What needs to be done »
Look below for the line containing "Mulheres Normal Macacão". Write out that line and the rest through the last one, exactly as they appear, but without pictures.

Data extract »

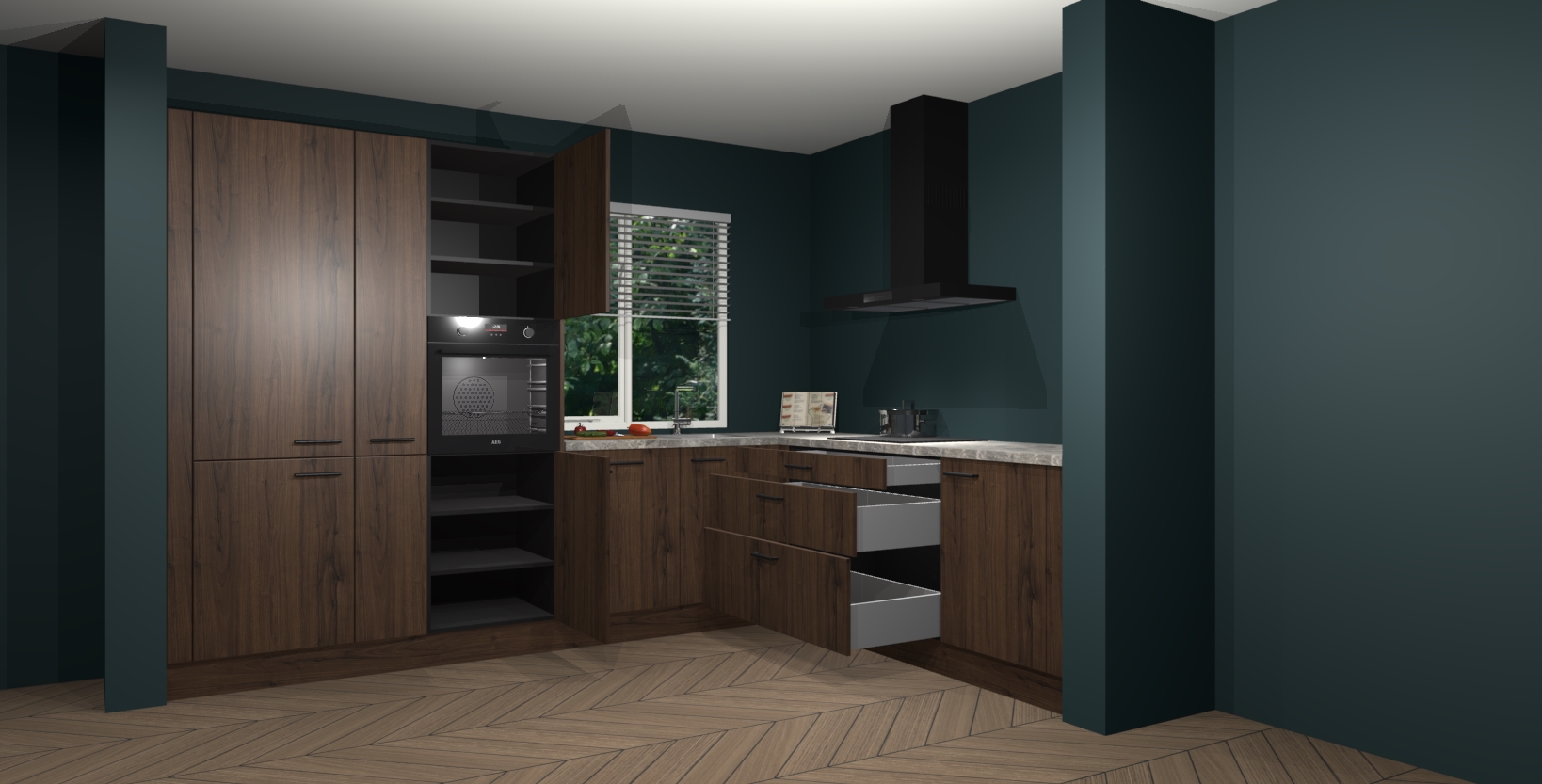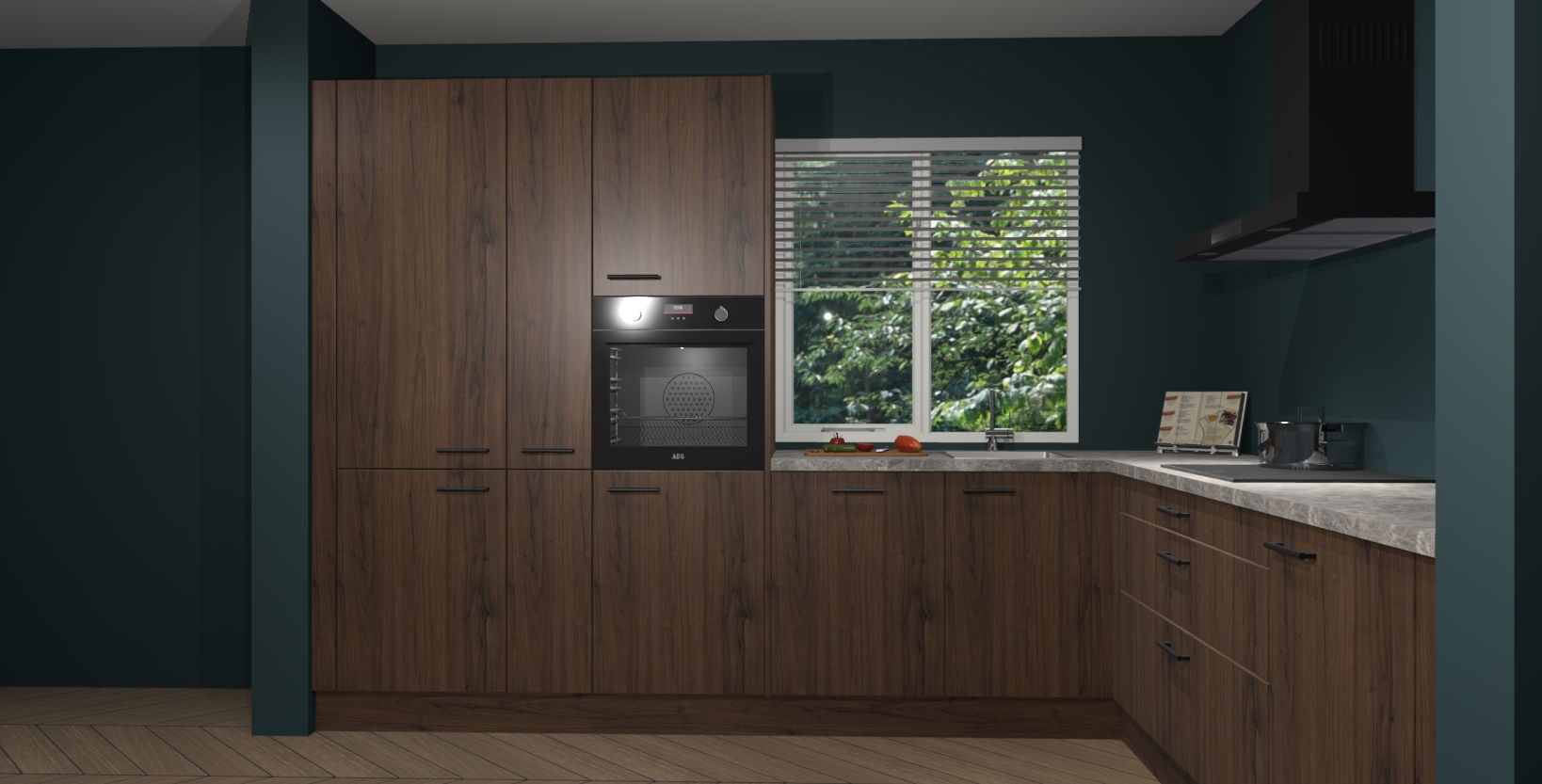 Met een modern, tijdloos design en ruime opslagruimte, zult u zich in no-time thuis voelen in uw nieuwe keuken. Uw leven wordt eenvoudiger met de soft-close deuren die voor het ultieme stille comfort zorgen - geen geluid dat u stoort terwijl u kookt. Ook is de keuken voorzien van 5 ingebouwde apparaten: een oven, inductie kookplaat, afzuigkap, vaatwasser en koelkast. Deze kunnen gemakkelijk na bestelling worden bijgewerkt naar AEG - waardoor uw luxe ervaring compleet is.
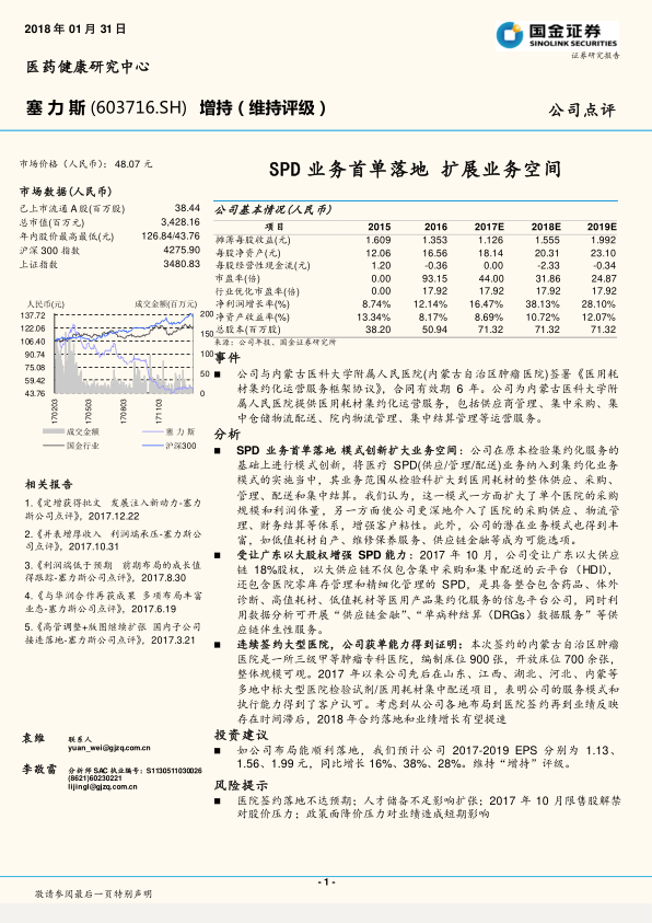 本报告的核心观点是塞力斯SPD(供应/管理/配送)业务首单落地,标志着公司在集约化服务模式上的创新,并扩展了业务空间。
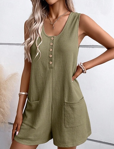 Mulheres Normal Macacão Roupa de rua Côr Sólida Sem Manga Decote U Botões Bolsos Rua Diário Normal Preto Verde Claro Rosa Verão
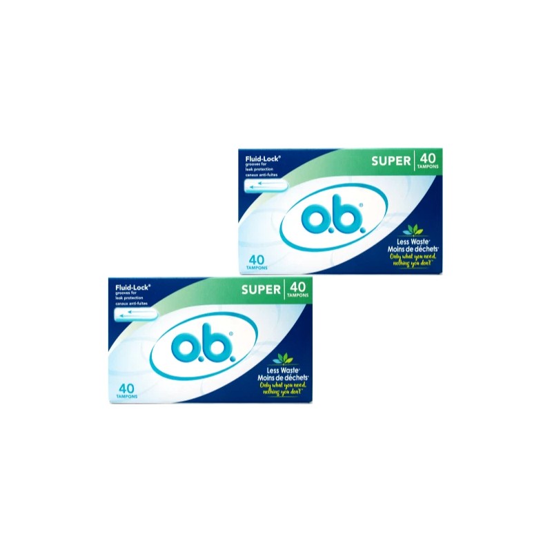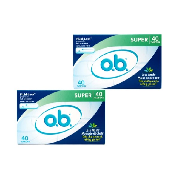 2 Pack O.B. Fluid Lock No Applicator Tampons Super 40 Count Each

Problem solution »
 Mulheres Normal Macacão Roupa de rua Côr Sólida Sem Manga Decote U Botões Bolsos Rua Diário Normal Preto Verde Claro Rosa Verão
 2 Pack O.B. Fluid Lock No Applicator Tampons Super 40 Count Each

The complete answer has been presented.